In our research, we explicitly connected concepts and ideas from strategy and organization to gain new insight into the interrelated dynamics of firms’ human capital, social capital, innovation and economic performance. We were also, by training, interdisciplinary in our approach and eclectic in our methods. But, we agreed to give priority to rigor and relevance rather than any particular discipline or empirical approach. Our joint efforts gained traction and resulted in several of both of our most highly cited publications.

As we developed our research ideas, the logic for building our strategy group also emerged. We would combine strategy and organization, which were increasingly separated by specialist journals, divisions of the Academy, and business school departments. We would emphasize disciplined but remain discipline-neutral research rather than favor any one discipline over another. We would emphasize rigorous research, but be agnostic to the empirical approach through which rigor was achieved. Over the past 20 years, this conception has informed the growth and coming to prominence of the Rotman School strategy group, as it has Strategic Organization.

While the journal’s focus and principles were at the ready when I agreed to start the journal, enthusiastic co-editors were not. I sought two other scholars to co-edit the new journal with me — not just to share the heavy lifting, but to complement my primary disciplinary and empirical orientations in order to signal the principles of Strategic Organization as well as establish connections across the subfields, subdisciplines and empirical orientations of strategy and organization research.

Joel Baum, left, Royston Greenwood and Dev Jennings.

I certainly understood the reluctance of the outstanding scholars I asked to join me as coeditors — starting up a journal is a daunting task. And while everyone I spoke with agreed to serve (and did) on the journal’s founding editorial board, I found myself wondering if I should be more reluctant too. While entertaining these second thoughts, I found myself enjoying a beer at the 2001 Academy of Management conference with my good friends Royston Greenwood and Dev Jennings. At some point during our conversation, I looked up from my glass, first toward Royston, then toward Dev, and finally blurted out “Hey, a publisher asked me to start up a new strategy and organization journal… you two want to co-edit it with me?” They looked at each other, shrugged, then looked back at me and replied, “Sure.
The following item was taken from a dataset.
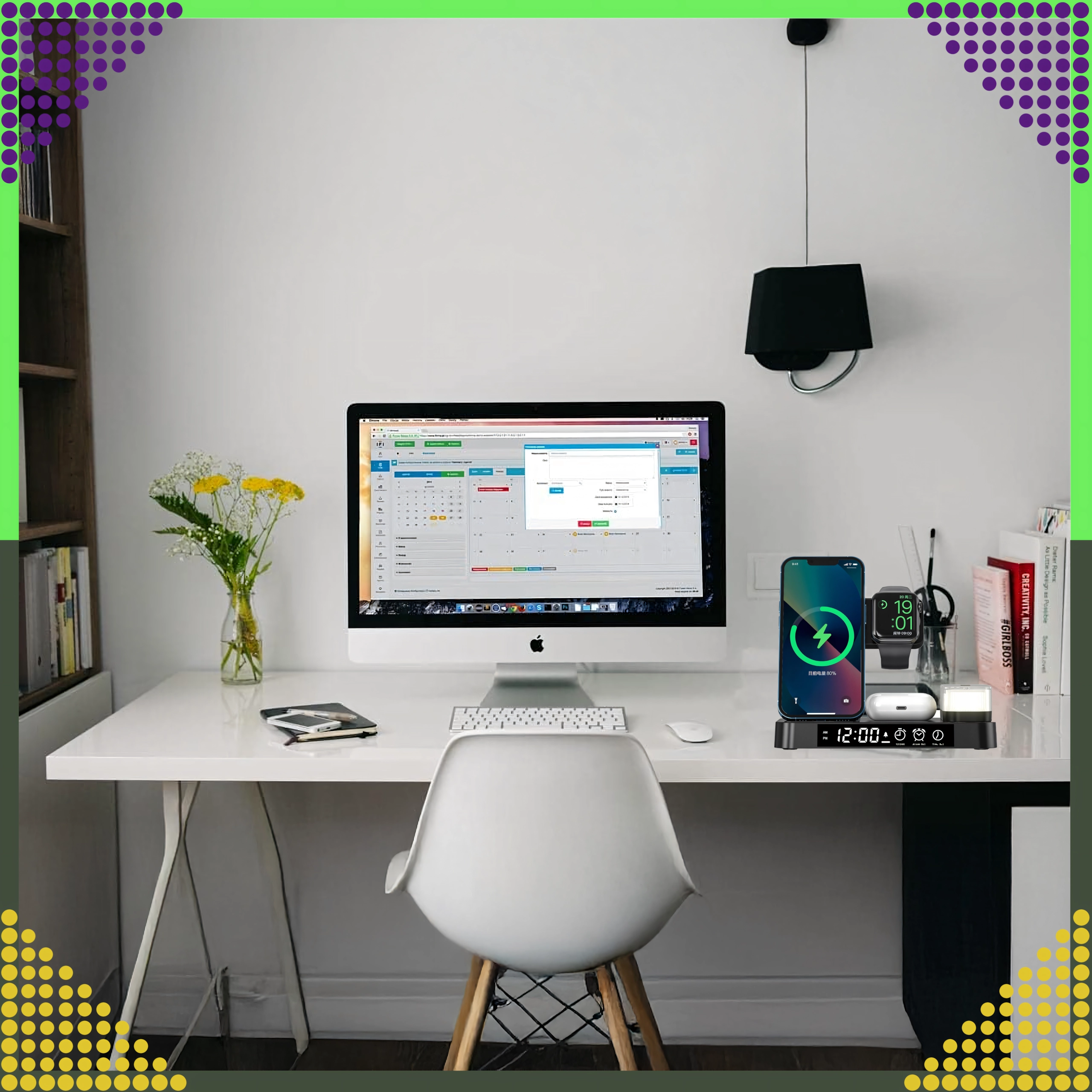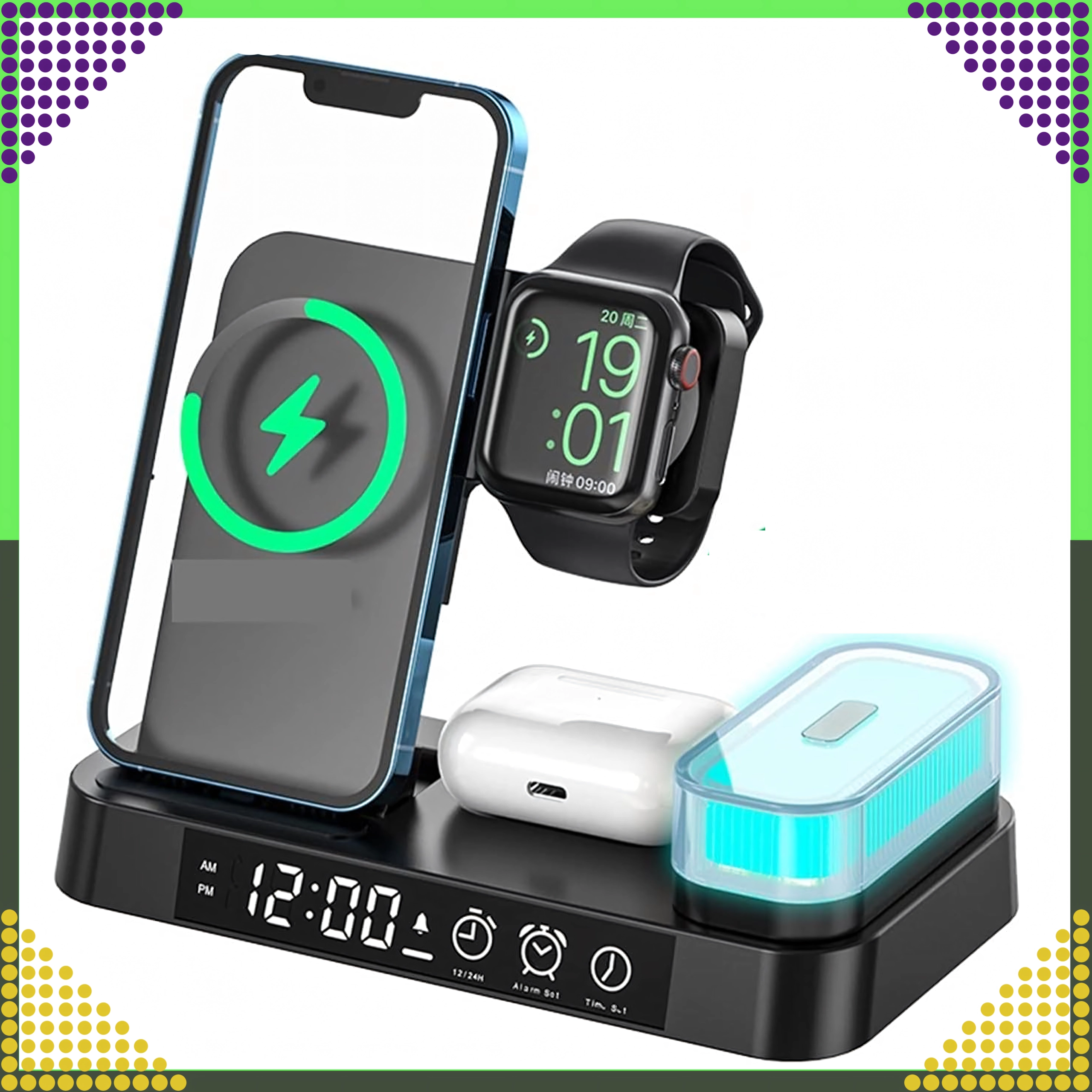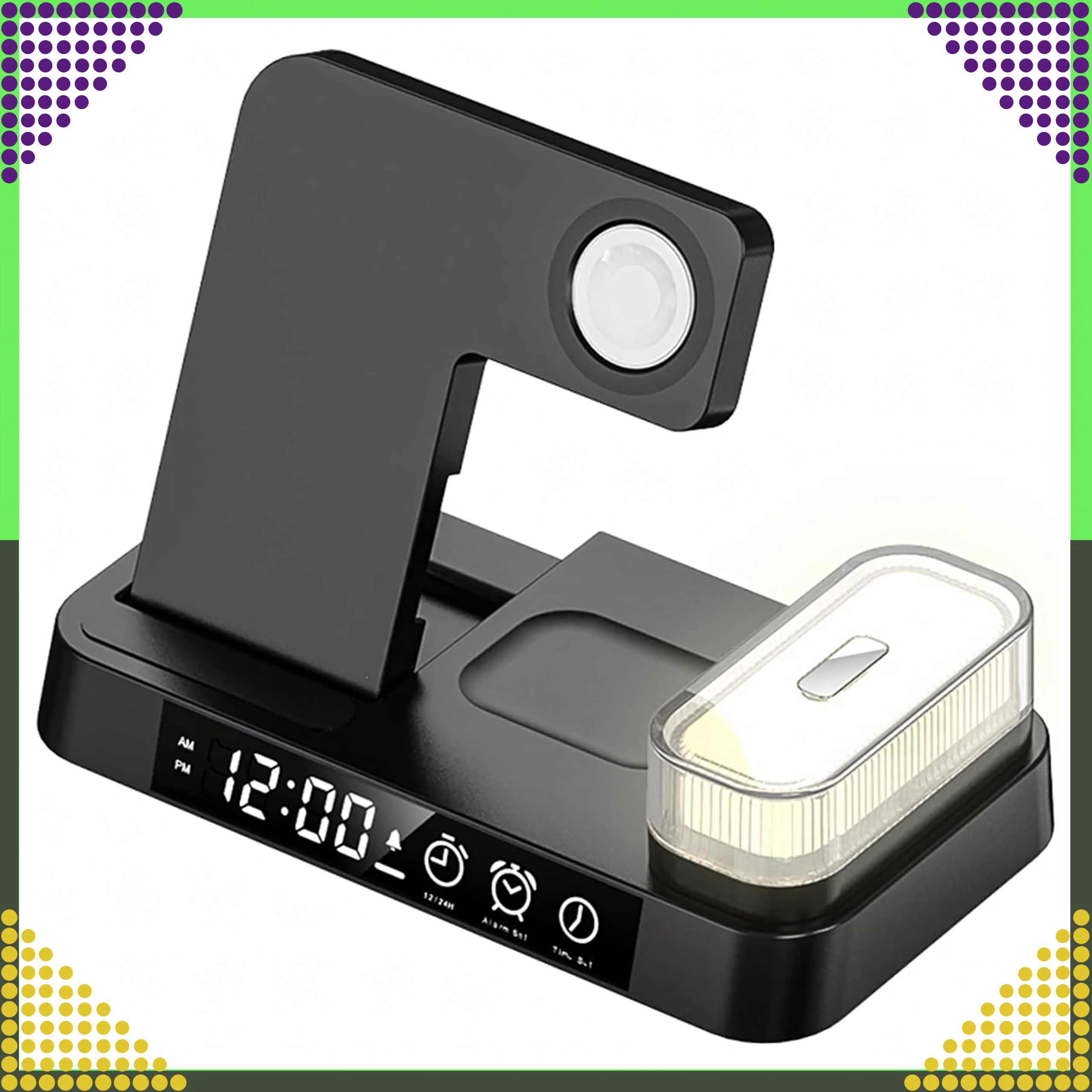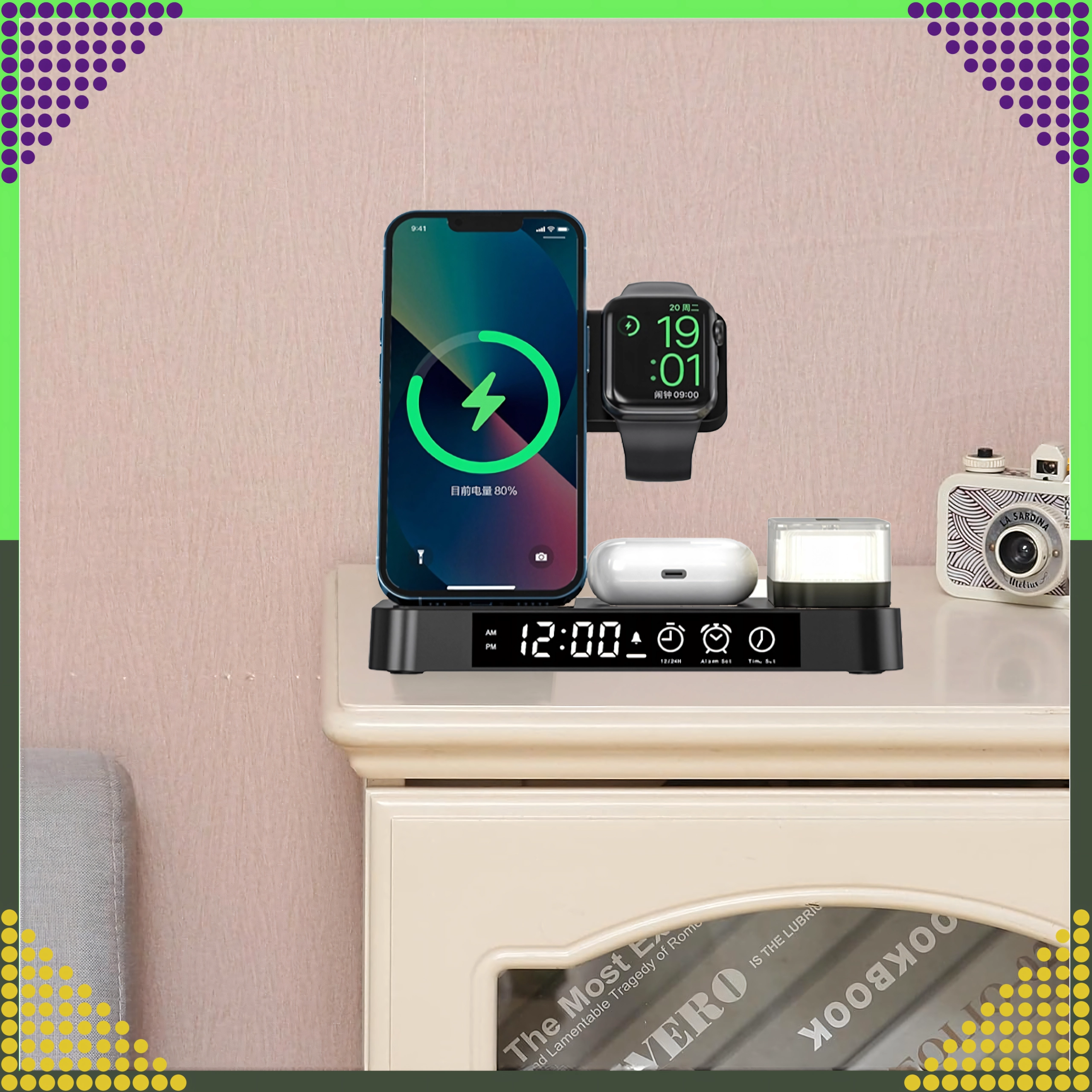 Punite istovremeno pametni telefon, Apple Watch i slušalice. Integrirani stalak drži telefon pod idealnim kutom za obavijesti i video pozive.

Sounds fun!” Simple as that.

With Royston and Dev on board as founding co-editors, and a solid core editorial board recruited during my earlier conversations, we wrote a formal proposal for the publisher. Peer reviewers gave the proposal a strong endorsement and so Rosemary presented the proposal to her publisher. Meanwhile, in the year that had passed since Rosemary and my original conversation, Blackwell had decided to take its journal collection in a “different direction”, and the proposal was declined. Before I could shed a tear, sigh of relief, or whatever other reaction I might have had, Rosemary informed us she’d shared the proposal and reviews with a colleague at SAGE who was interested in the project, and in short order, Strategic Organization had a publisher.

The rest, as they say, is history. And you can read our thoughts on that history (so far) in the essay Royston, Dev and I wrote for the 20th Anniversary Special Issue of Strategic Organization, along with those a range of others involved with the journal over the past two decades. In our essay, we describe our original inspirations and aspirations for the journal, look back on the progress the journal has made toward achieving them (spoiler alert: we think it has realized them remarkably!), and look ahead at what we think the journal and the Strategic Organization research community might profitably give more attention to in the near future.

My great thanks to everyone who has had anything to do with Strategic Organization over the years — coeditors, editorial board members, reviewers, authors, readers. It has been a great honor, privilege, and pleasure to be a part of Strategic Organization‘s first 10 years, and to watch from the sidelines these past ten. I hope you enjoy our essay. Here’s to the roaring 20s!

Dr. Joel Baum is a Professor of Strategic Management at the Rotman School of Management, University of Toronto.